Published on

DeepSeek V4 and the Ascend Puzzle

Authors
  • avatar
    Name
    Max Song
    Twitter

TL;DR: China's domestic AI compute base is larger than low outside estimates imply. DeepSeek V4 may be the first visible sign that near-frontier model development on Huawei Ascend is already happening.

China is much closer to domestic AI compute sufficiency than consensus thinks, and DeepSeek V4 being trained or materially developed on Ascend 950PR-class hardware is plausible enough that investors and AI researchers should take it seriously.

This is a mosaic thesis. No single clue proves it. The fit between the pieces is the point.

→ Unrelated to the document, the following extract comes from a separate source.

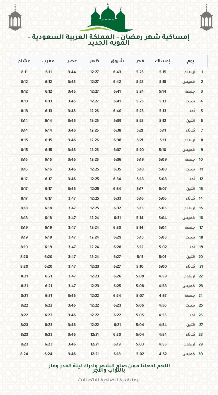 حمّل إمساكية رمضان الخاصة بمدينتك الآن!

1. The SMIC numbers are more revealing than they look

The most useful clue in the SMIC data is not a headline wafer number. It is the category mix.

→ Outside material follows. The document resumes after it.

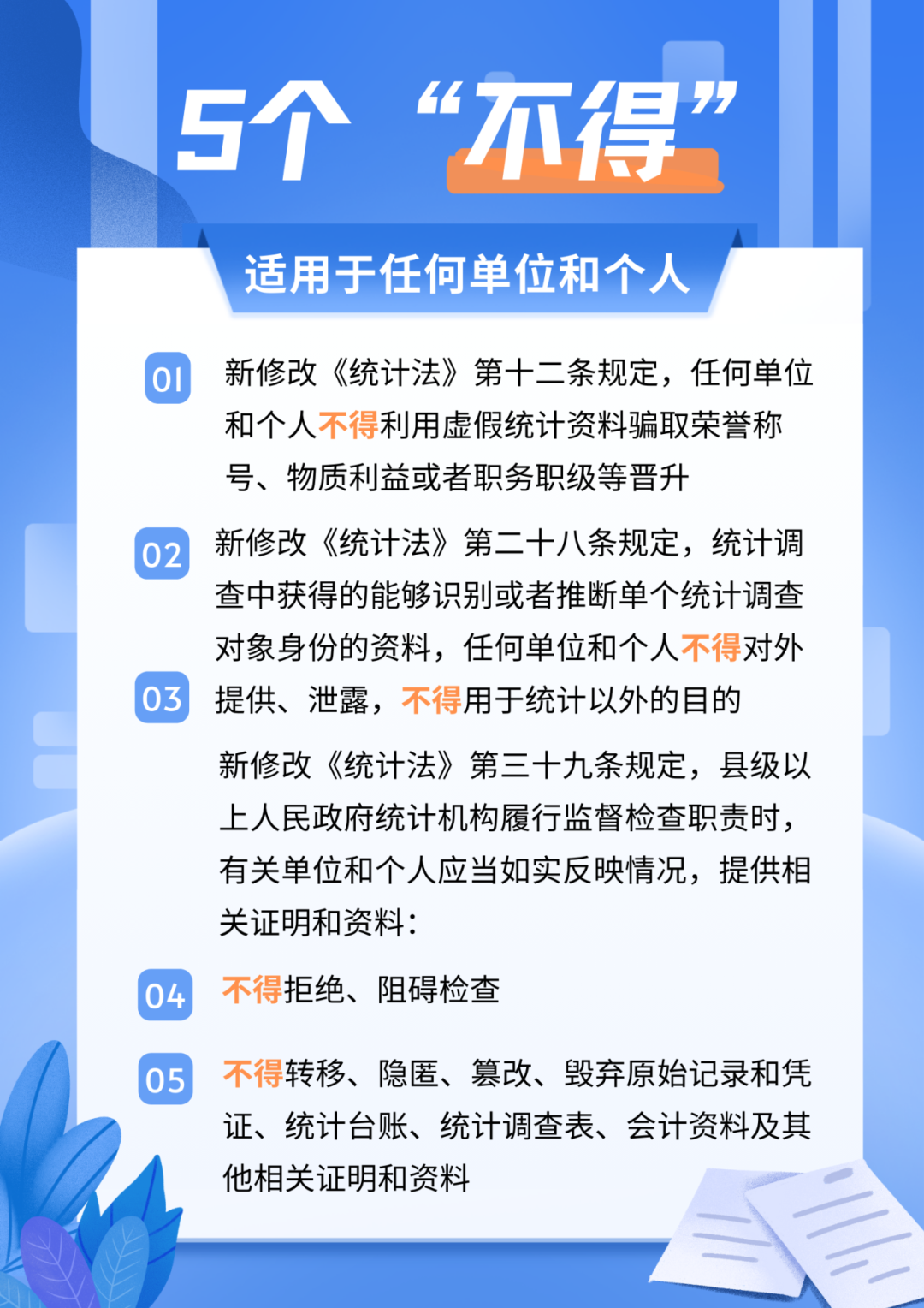 2024年9月13日,新修改的《中华人民共和国统计法》公布施行,其中规定了15个“不得”的禁止性条款是必须遵守的统计法律底线,一旦触碰这些法律底线,都要承担相应的法律责任。具体如下:

In SMIC's 2024 annual report:

  • consumer electronics revenue share jumped from 25.0% to 37.8%
  • computer & tablet fell from 26.7% to 16.6%

That matters because SMIC already breaks out phones and computer & tablet separately. Phones, laptops, and tablets are not hiding inside the consumer-electronics bucket. Once those are separated out, there are not many other obvious large-ticket advanced-node products left that can explain a swing this large. AI accelerators are the clearest candidate.

I think this is one of the most important insights in the whole thesis: SMIC's own segment reporting suggests a larger AI-accelerator contribution than many outside observers realize.

The rest of the financial picture points in the same direction. Capacity kept expanding, 12-inch mix increased, CapEx stayed elevated despite margin pressure, and inventory rose sharply. That is not what a foundry trapped in a stagnant mature-node business looks like.

2. The wafer math says low-end external estimates are too low

The wafer math does not prove an exact 2025 Ascend shipment number. It does show that the smallest outside estimates are hard to reconcile with even conservative assumptions.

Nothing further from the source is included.